The lira (plural: lire) was the currency of the Grand Duchy of Tuscany until its annexation by Napoleonic France in 1807. After that year, it unofficially remained in circulation thanks to its silver value until the restoration of Tuscan independence in 1814. It was finally abolished in 1826.

==History==

It was subdivided into 20 soldi, each of 3 quattrini or 12 denari (singular: soldo, quattrino, denaro). Other denominations included the crazia worth q.5; the grosso worth q.20; the paolo worth q.40 or 2/3 lira; the testone worth 3 paoli; and the crown-sized francescone worth 10 paoli or 6 2/3 lire.

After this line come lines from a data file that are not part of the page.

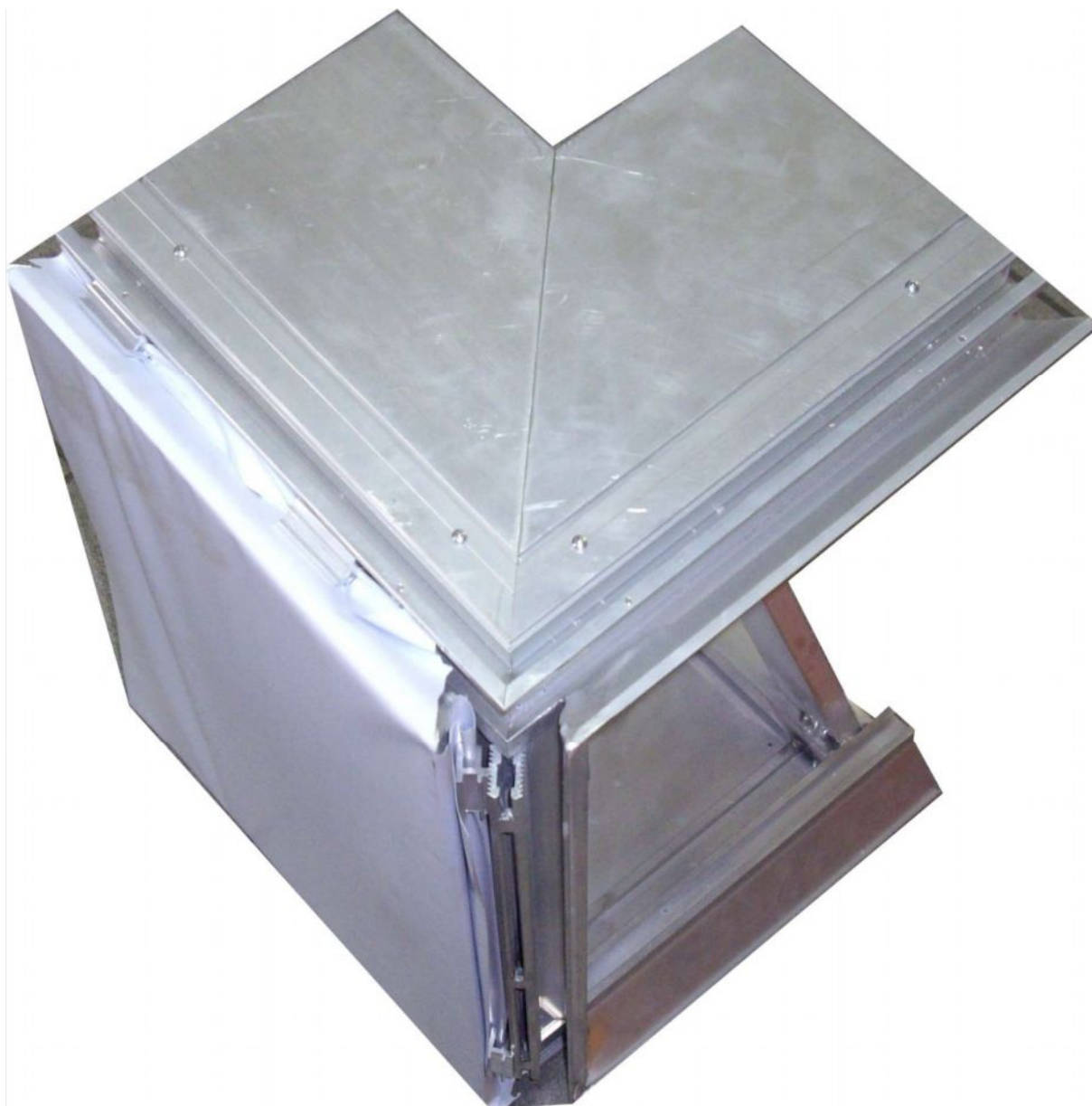
Fot.1. Widok narożnika ze zdjętym kątownikiem maskującym.

Narożnik wykonany z następujących profili: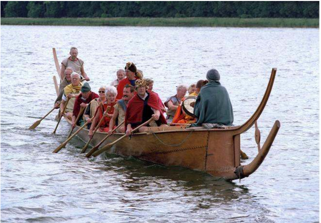
Tilia set fra Sottrupskov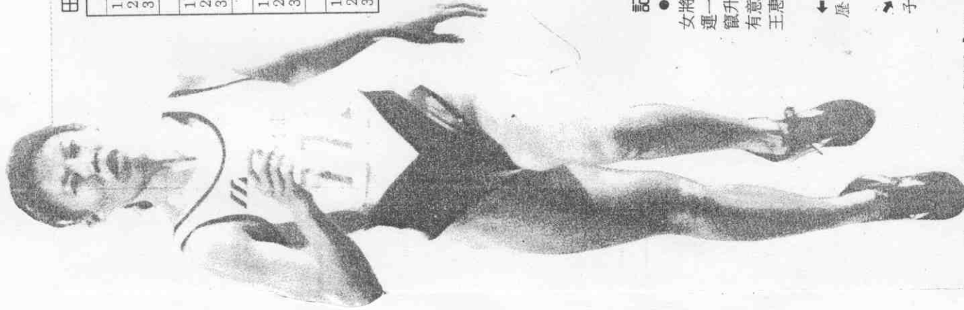
田徑二十四日決賽成績表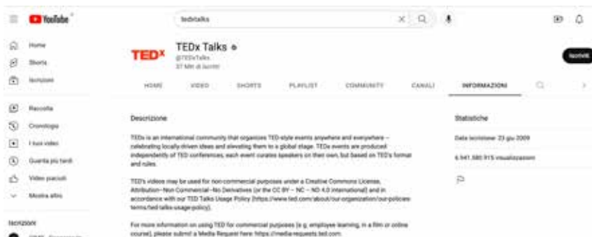
Figura 5 Youtube TEDxTalks

L'evento ha avuto circa 1200 spettatori dal vivo.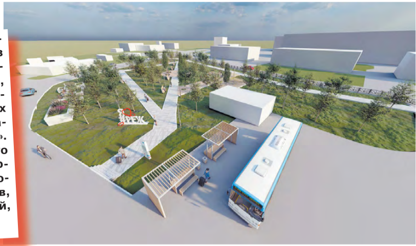
Дизайн-проект сквера у ж/д вокзала №2.

Евгений Куйвашев: «Принципиально важно — и это один из наших приоритетов, — что проекты реализованы и в крупных, и в совсем небольших населенных пунктах, жители которых получили современную инфраструктуру для отдыха и досуга». Также губернатор добавил, что за последние три года в Свердловской области было благоустроено 83 парка, 46 скверов, полсотни улиц, 36 площадей, 470 дворов и 21 набережная.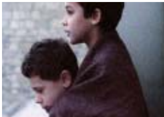
À BRAS LE CORPS

In 1803 the Tuscan lira was equivalent to 0.84 French francs, 0.84 Italian lira, or 3.78 grams of fine silver. In 1826 it was replaced by the Tuscan fiorino worth 100 quattrini or 1 2/3 lira.

==Coins==
In the late 18th century, copper coins circulated in denominations of q.1, q.2, and s.1, together with billon q.10 and silver 1/2, 1, 2, 5 and 10 paoli. In the early 19th century, copper s.1/2 and s.2 were added, together with silver 1 lira and 10 lire.

The 10-lira coin was known as dena and the 5-lira coin was known as meza-dena ("half-dena").